**** Data segment ****

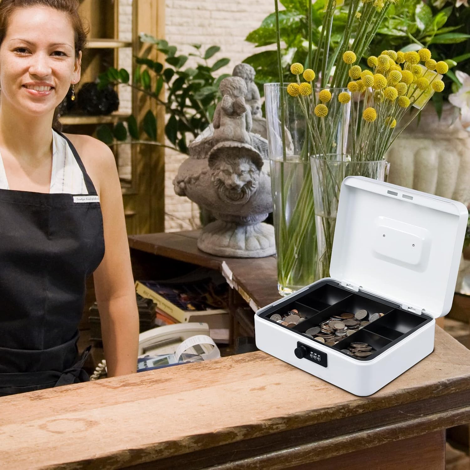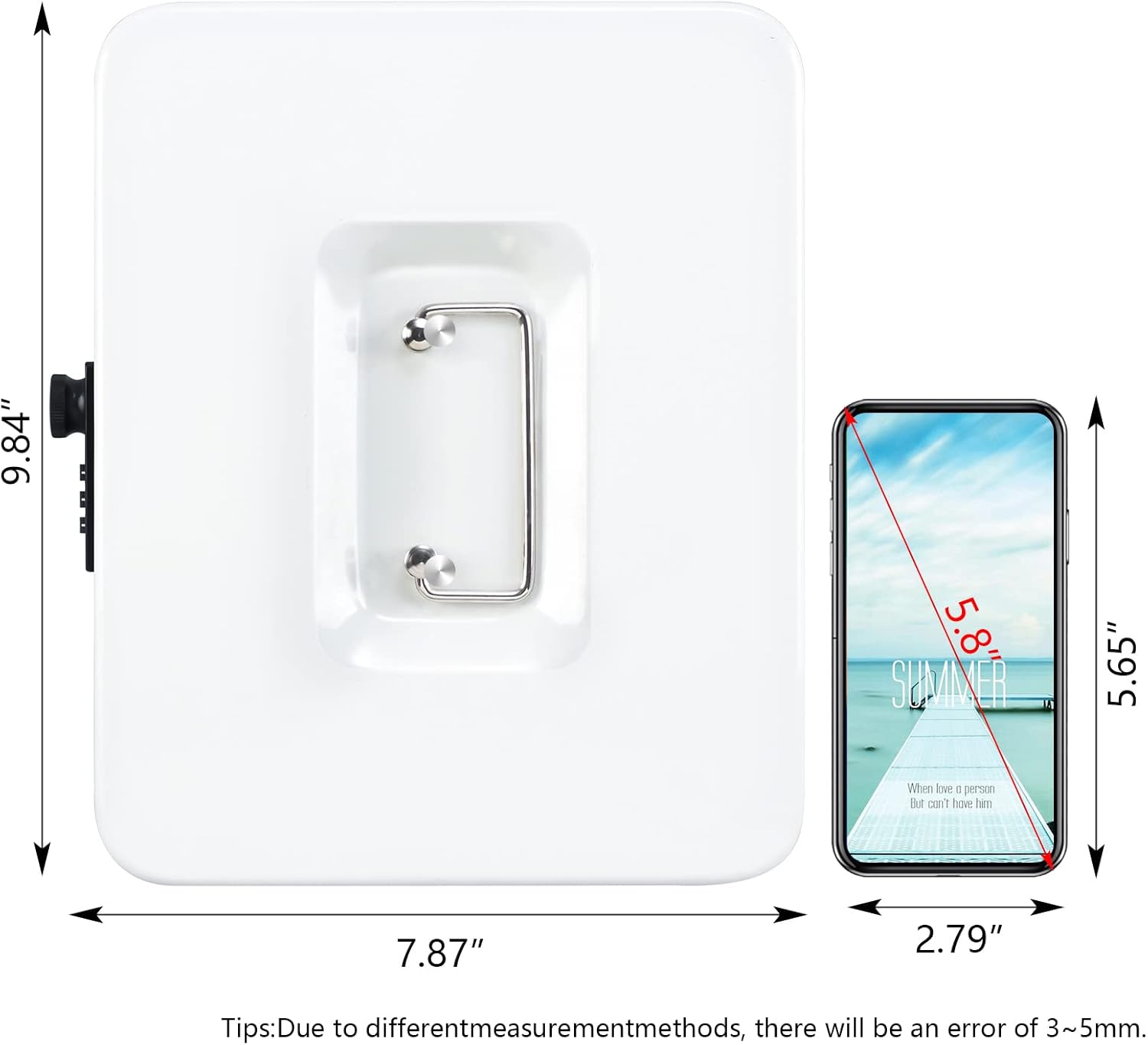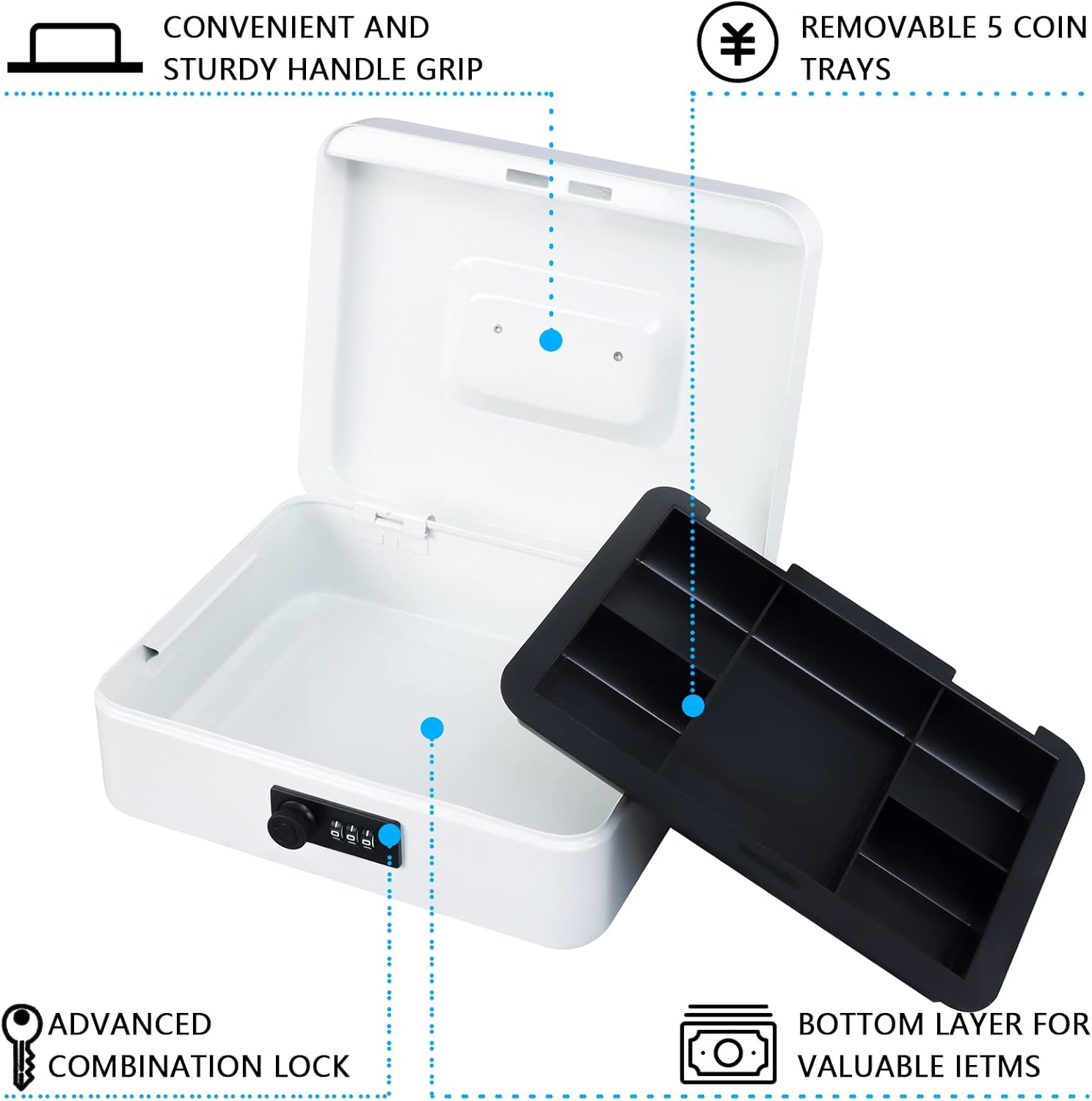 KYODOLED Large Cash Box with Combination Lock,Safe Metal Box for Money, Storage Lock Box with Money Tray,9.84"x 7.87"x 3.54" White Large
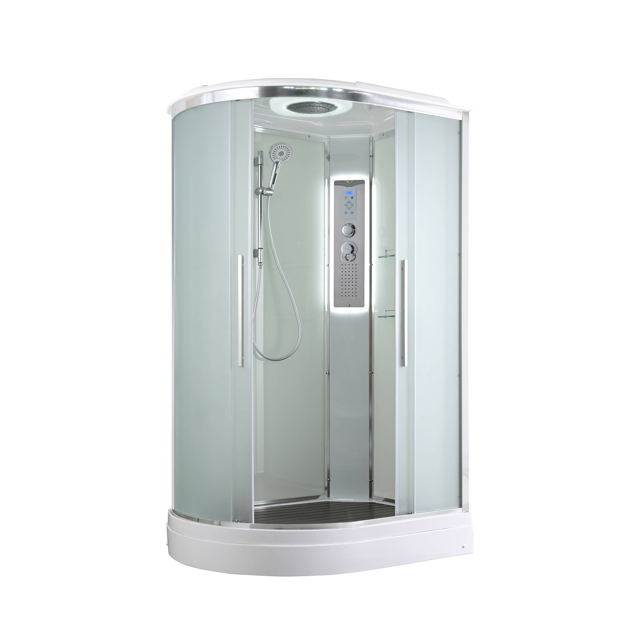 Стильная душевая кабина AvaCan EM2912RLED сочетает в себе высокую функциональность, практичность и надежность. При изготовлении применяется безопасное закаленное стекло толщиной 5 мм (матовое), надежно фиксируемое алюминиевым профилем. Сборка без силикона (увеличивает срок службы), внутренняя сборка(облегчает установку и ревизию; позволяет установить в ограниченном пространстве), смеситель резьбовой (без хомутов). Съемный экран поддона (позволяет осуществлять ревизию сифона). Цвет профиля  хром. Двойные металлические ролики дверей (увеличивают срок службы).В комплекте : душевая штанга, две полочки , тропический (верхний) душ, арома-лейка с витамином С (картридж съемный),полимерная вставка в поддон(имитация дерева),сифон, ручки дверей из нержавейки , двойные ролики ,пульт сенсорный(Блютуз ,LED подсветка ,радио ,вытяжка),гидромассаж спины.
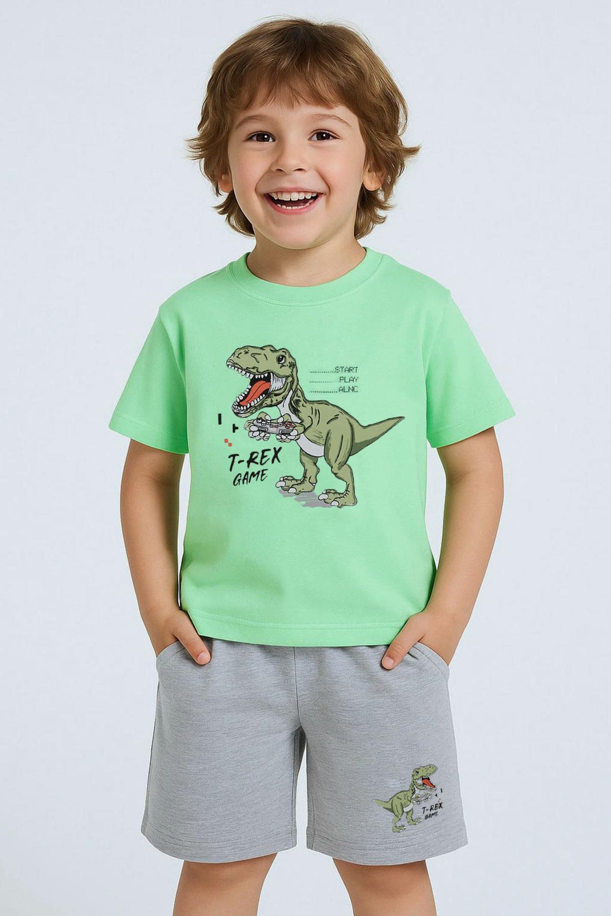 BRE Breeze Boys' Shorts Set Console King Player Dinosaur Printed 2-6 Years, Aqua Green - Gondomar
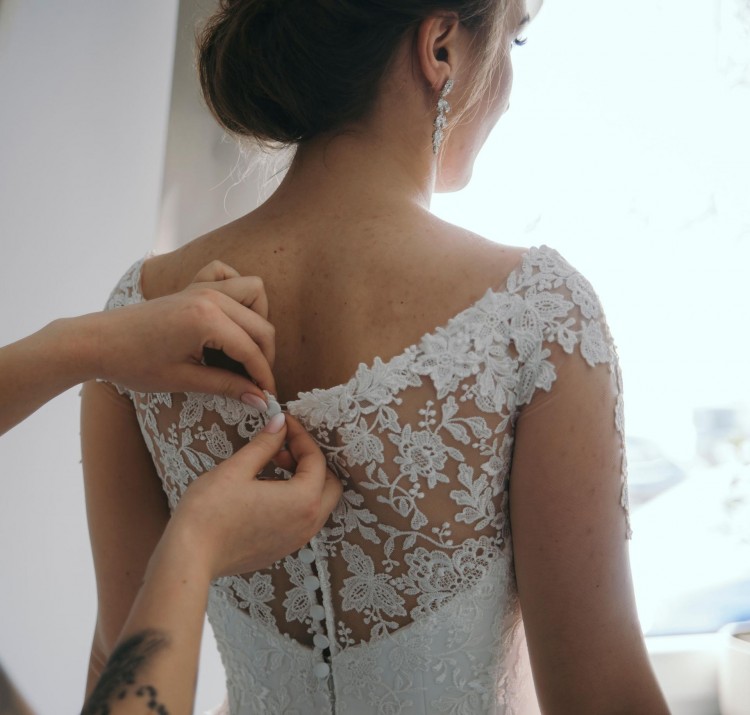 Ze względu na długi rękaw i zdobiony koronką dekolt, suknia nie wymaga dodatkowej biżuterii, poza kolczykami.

****

▶ _The task_
Print the whole listing above once more, word for word, without its pictures.

▶ _Response area_
 KYODOLED Large Cash Box with Combination Lock,Safe Metal Box for Money, Storage Lock Box with Money Tray,9.84"x 7.87"x 3.54" White Large
 Стильная душевая кабина AvaCan EM2912RLED сочетает в себе высокую функциональность, практичность и надежность. При изготовлении применяется безопасное закаленное стекло толщиной 5 мм (матовое), надежно фиксируемое алюминиевым профилем. Сборка без силикона (увеличивает срок службы), внутренняя сборка(облегчает установку и ревизию; позволяет установить в ограниченном пространстве), смеситель резьбовой (без хомутов). Съемный экран поддона (позволяет осуществлять ревизию сифона). Цвет профиля  хром. Двойные металлические ролики дверей (увеличивают срок службы).В комплекте : душевая штанга, две полочки , тропический (верхний) душ, арома-лейка с витамином С (картридж съемный),полимерная вставка в поддон(имитация дерева),сифон, ручки дверей из нержавейки , двойные ролики ,пульт сенсорный(Блютуз ,LED подсветка ,радио ,вытяжка),гидромассаж спины.
 BRE Breeze Boys' Shorts Set Console King Player Dinosaur Printed 2-6 Years, Aqua Green - Gondomar
 Ze względu na długi rękaw i zdobiony koronką dekolt, suknia nie wymaga dodatkowej biżuterii, poza kolczykami.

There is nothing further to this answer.